Anyway, this month's Atlantic contains nude photographs of Cokie Roberts. That's a lie, but I'm betting I have your attention now. This month's Atlantic contains a pot-shot at blogs, which literary editor Benjamin Schwarz claims serve up, by definition, "unedited, impromptu, self-important ruminations on random events and topics."

He's certainly right about mine (except for the unedited bit -I do give my entries an OCD once-or-twice over...this works better when I am not sleepy). But I wonder if Schwarz has committed the classic scientific blunder of assuming he's got the whole truth because he's got ahold of part of it. I've sifted through a number of blogs and it seems to me there's a taxonomy. (Not to be confused with taxidermy, though I suppose blogging is a forced preservation of something or other.)

I slot blogs into four basic categories:

1) Promotional blogs. Blogs that are trying to sell you something or someone.

2) Niche blogs. Blogs in which you take on a predetermined subject or subjects. These are subject-driven blogs: e.g., the subject is the engine and you're there to steer.

3) Response blogs. Blogs that respond to the stimuli of "random events and topics." Self-important at times, self-focused in its way, but the self isn't the main show. Rather, it's about the world as filtered through the self, self not as content but as form. The world is the engine; you're along for the ride.

4) Documentary blogs. What you did yesterday, and the day before. What you ate, what you saw, what you read: a retelling and/or memorialization of your life. Here self is content and form is incidental: you're the engine. Your words or pictures are the body of the car.

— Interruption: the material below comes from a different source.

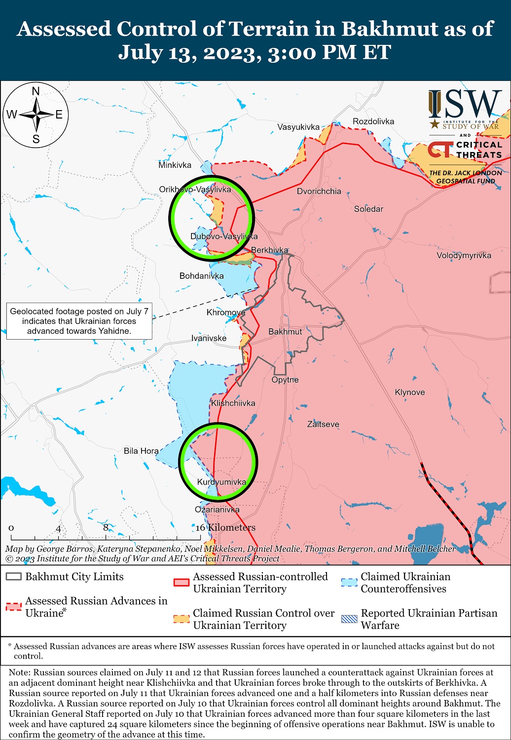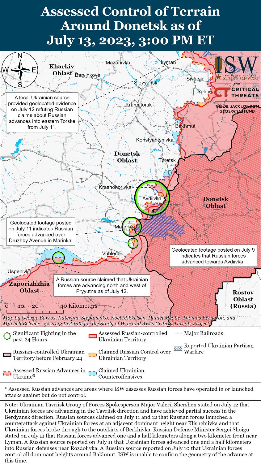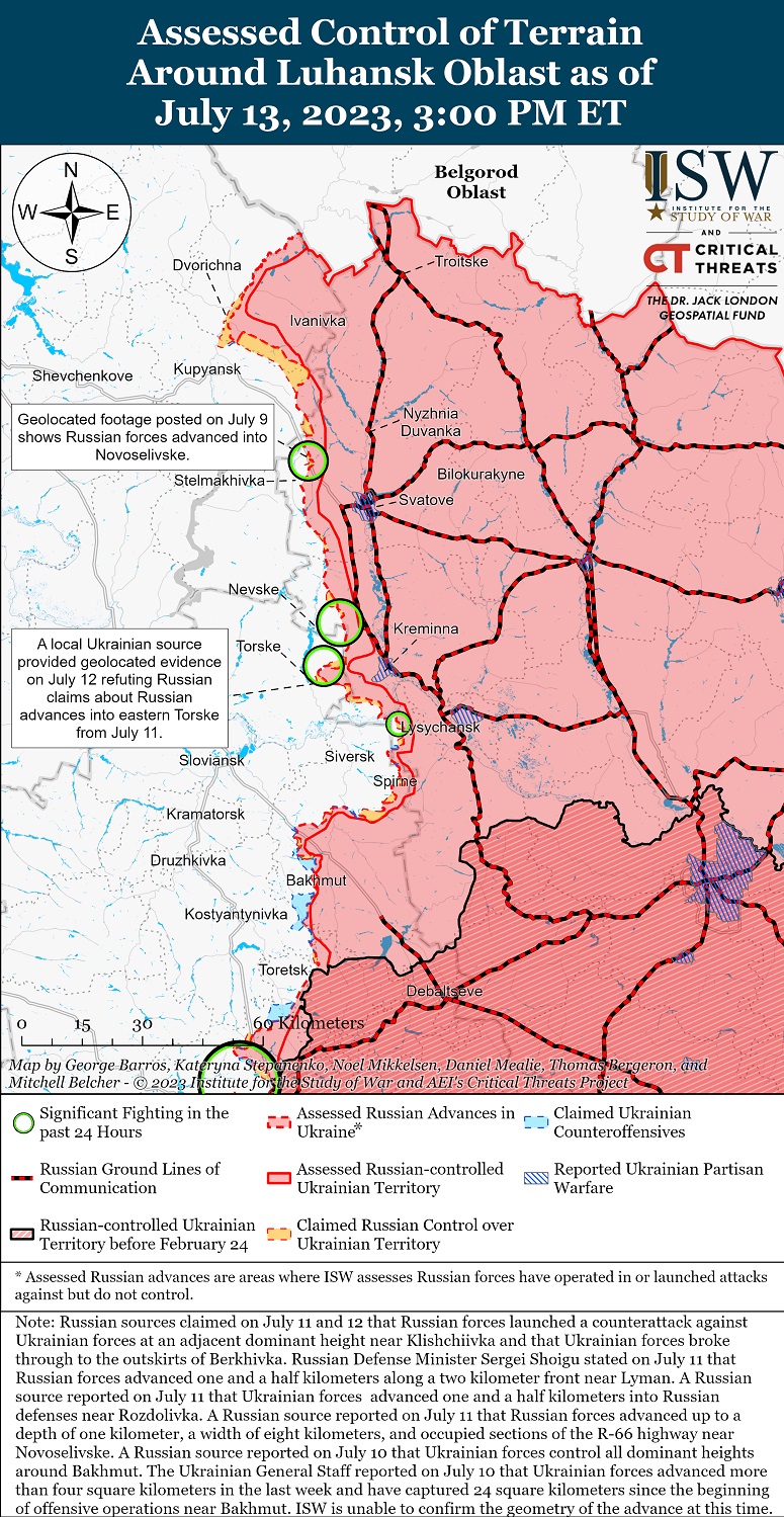 13 июля российские силы совершили ограниченные наземные атаки вокруг Бахмута. Украинский Генштаб сообщил, что украинские силы отразили все российские атаки вблизи Берховки. Череватый сообщил, что вблизи Клещеевки действуют неопределенные чеченские формирования.

I don't really have a judgment on the superiority of one or another of these categories, except to say that promotional blogs are almost universally snoozeworthy. I write a response blog, but I read blogs from categories 2, 3, and 4. As a group, niche blogs are usually the best-written. Documentation blogs are often the worst-written, but I read more of them than anything else because I'm incurably nosy.

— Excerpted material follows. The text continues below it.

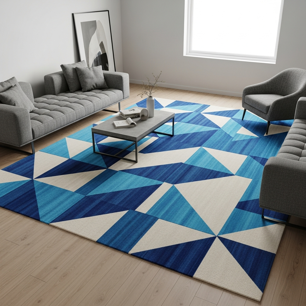 Rugs act as the foundation of a room’s design. Bold geometric patterns or oversized traditional motifs can anchor a seating area and introduce color into an otherwise neutral space.

Schwarz is right. But he's also wrong, in that by lumping all blogs together, he misses the subtler distinctions that make things interesting. Some of us think the meat of life is in what we do. Some of us think the meat of life is in how we react. Still others of us think it's in what we sell or what we devote our time to. I think that's worth a rumination or two.

3 comments:

Anonymous said...

You have just violated the taboo of not blogging about blogs. But, you also raised a much more serious matter.

Are you sure you prefer the Atlantic to the New Yorker? I am leaning the exact opposite way. I am thinking of letting my Atlantic subscription expire and getting the New Yorker instead.

Why? More culture, less politics. Maybe the Atlantic is more interesting because of the upcoming election?

I wrote another paragraph but deleted it to prevent this comment from becoming a blog of its own. In summary, it was a diatribe against political news.

Anne said...

I don't really like the politics, either, Will... But I find I like the Atlantic extras (Primary Sources, The Critics) better than the New Yorker extras (Talk of the Town). But really the issue is that the household doesn't have a subscription to the New Yorker right now, so I only read it on airplanes.

wombat said...

1) I like your break down of the types of blogs. I think you should write a paper about it.
2) I am sad that your poll o' the week has neither "down" nor "on my parade." Just sayin'.
3) X is hard to find on the keyboard, and my verification "word" has two of them. Also two q's.